Keyboard shortcuts

Press or to navigate between chapters

Press S or / to search in the book

Press ? to show this help

Press Esc to hide this help

Solutions: 19 — EBP dispatch

Exercise 1 — Compare the two

#![allow(unused)]
fn main() {
const HUNGER_BURN: f32 = 0.1;

fn drive_hunger_filtered(
    is_hungry: &[bool], energy: &mut [f32], dt: f32,
) {
    for slot in 0..is_hungry.len() {
        if is_hungry[slot] {
            energy[slot] -= HUNGER_BURN * dt;
        }
    }
}

fn drive_hunger_ebp(
    hungry: &[u32], id_to_slot: &[u32], energy: &mut [f32], dt: f32,
) {
    for &id in hungry {
        let slot = id_to_slot[id as usize] as usize;
        energy[slot] -= HUNGER_BURN * dt;
    }
}
}

At 1M creatures with 10 % hungry, on a typical desktop:

  • Filtered: ~1-2 ms (1M slots × ~1 ns each, all sequential, prefetcher is happy).
  • EBP: ~0.2-0.5 ms (100 K slot accesses, some random via id_to_slot, but only 10 % the work).

The ratio is roughly 4-10×. EBP wins more cleanly at sparser states.

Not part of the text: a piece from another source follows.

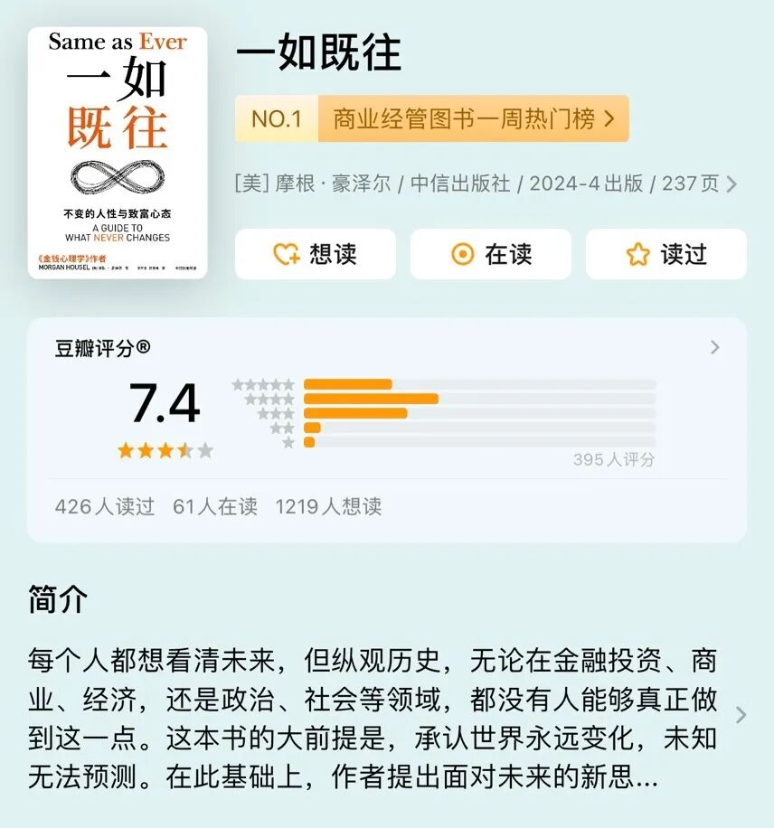 不管是《金钱心理学》还是《一如既往》,作者都在努力研究复杂世界与个人成长中“不变的东西”。

Exercise 2 — Sparsity test

fraction hungryfiltered (ms)EBP (ms)
1 %~1.5~0.05
10 %~1.5~0.3
50 %~1.5~1.2
90 %~1.5~2.0

(Numbers vary by chip; the shape is what matters.) The filtered cost is roughly constant — it walks the full table regardless. The EBP cost is roughly linear in the active fraction. Their cross-over is around 50-70 %, after which filtered wins (because random id_to_slot lookups become the bottleneck for EBP).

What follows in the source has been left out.